### GOAL OF THE EXERCISE
Across the records below, how many lines contain the string "werden"? Give the number by itself.

### GIVEN DATA

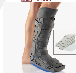
BORT X-Walker Achillo REF 101320
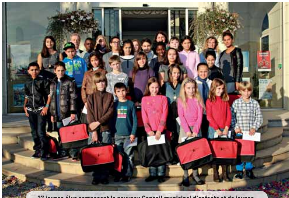
37 jeunes élus composent le nouveau Conseil municipal d'enfants et de jeunes.

SAMEDI 12 OCTOBRE DERNIER, 37 JEUNES ERMONTOIS ONT ÉTÉ ÉLUS AU CONSEIL MUNICIPAL D'ENFANTS ET DE JEUNES POUR UN MANDAT DE DEUX ANS.
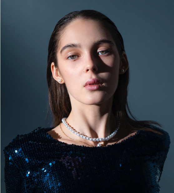
CLOTHES BY VICK EASTLY, SPRING SUMMER 2025.
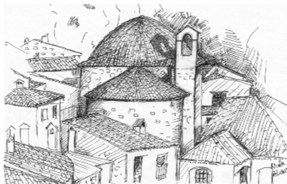
Chapelle des Pénitents Noir de Saint Sébastien à Peille

Au XVIII ème siècle le village comptait deux confréries, les Noirs et les Blancs. Les pénitents noirs ont occupés deux oratoires différents.
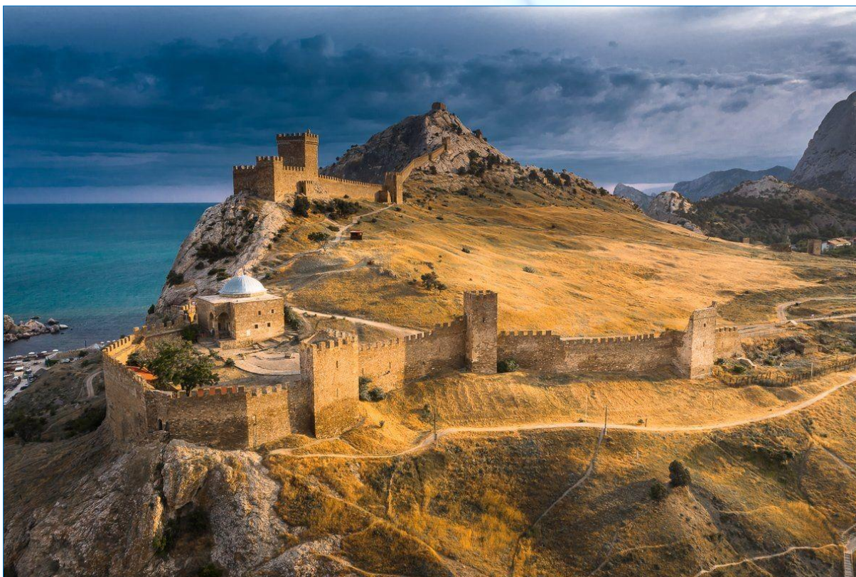
Крепость Солдайя – центр одноименного консульства.

Сотера (Sdafo) с генуэзским Алуштинским консульством» [Бочаров 2016: 265].
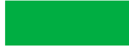
341 Verde Acuario
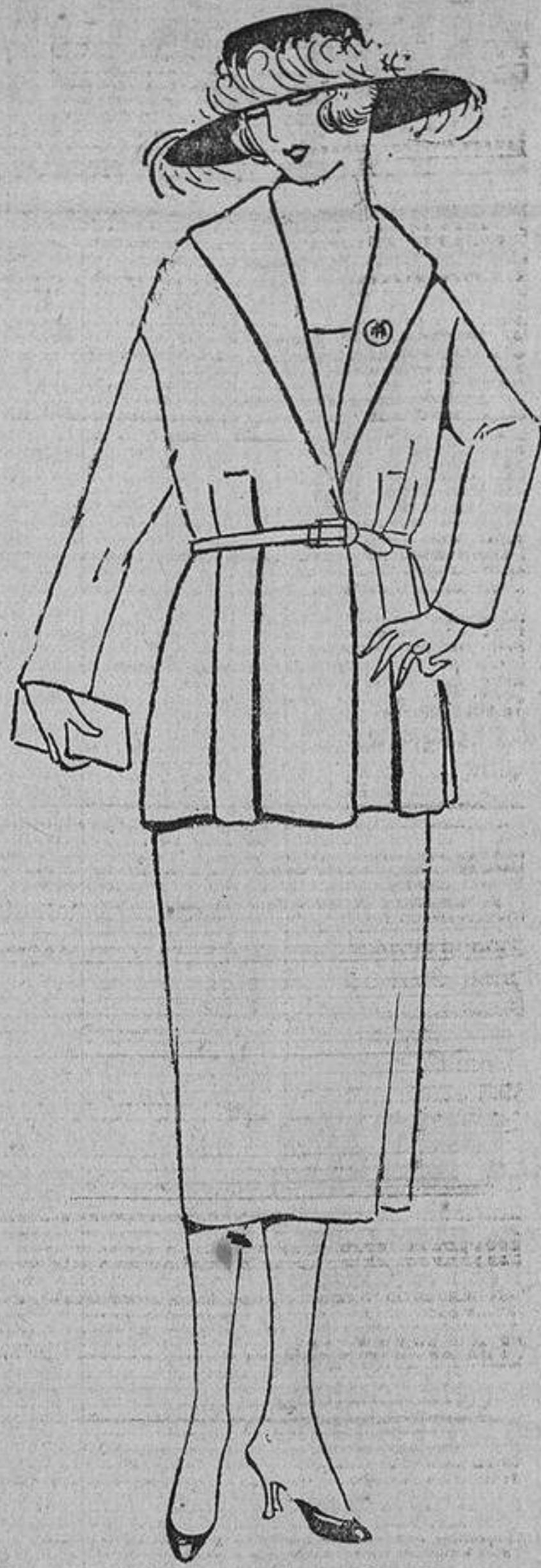
De lana esponjosa color cuerda, con dos faldas delante y dos detrás, cinturón de cuero escudito bordado, con las iniciales.
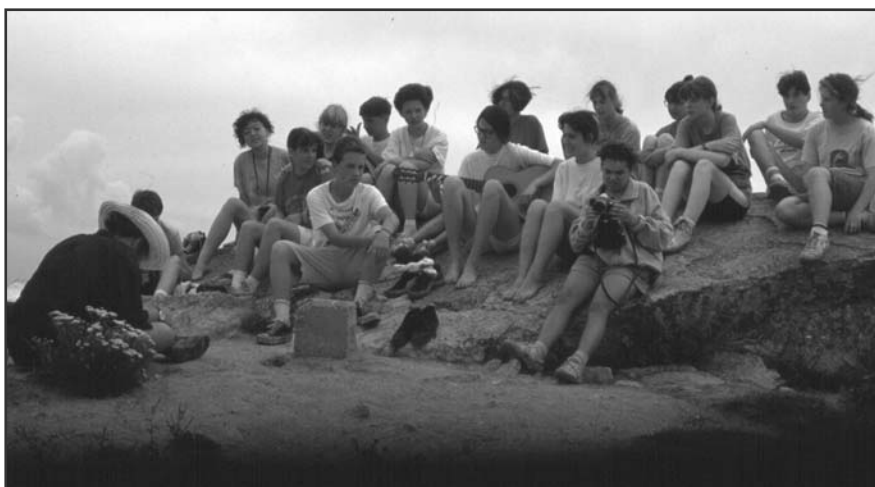
Áhítat a sziklán

Nagykőrös kis város, mindenképpen behatólt lehetőségekkel, viszont ennek annyi előnye van, hogy a diákok szabadidejükben is egymásra vannak utalva, úgyhogy a kollégiumi élet továbbra is színes. Családias a légkör. Ez igazán olyan unikum, ami tényleg nincs több az országban.
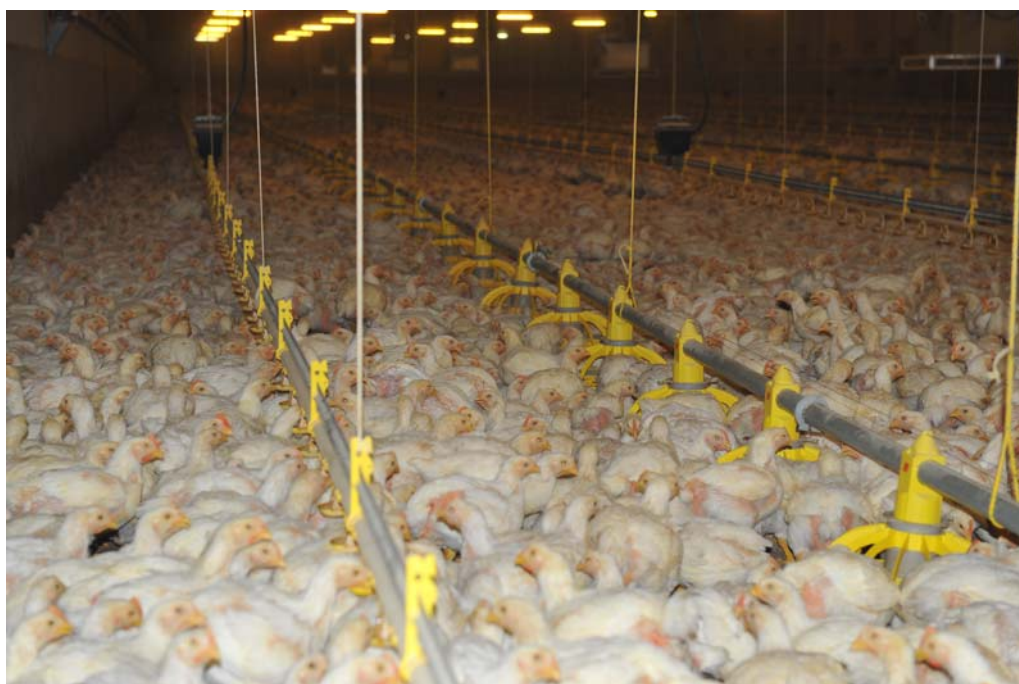
In riesigen, fensterlosen Hallen werden die Masthühner in nur 35 Tagen auf ihr Schlachtgewicht gemästet. Die Interessenvertretung der Bauernschaft ist nun bemüht, diese Besatzdichte um ein Drittel zu erhöhen!

Landwirtschaftsministeriums nicht eingehalten (mündliche Auskunft). Seit geraumer Zeit fordern die MastflügelproduzentInnen, dass die gesetzlich vorgeschriebenen maximalen Besatzdichten bei Hühnern um 30 Prozent und bei Puten sogar um 50 Prozent erhöht werden sollen. Bei einem derartigen Besatz wäre über 92 Prozent der Bodenfläche allein durch die Körper der Tiere angefüllt, es würde kein Platz mehr für irgendeine Bewegung frei bleiben.

### OUTPUT OF THE EXERCISE
2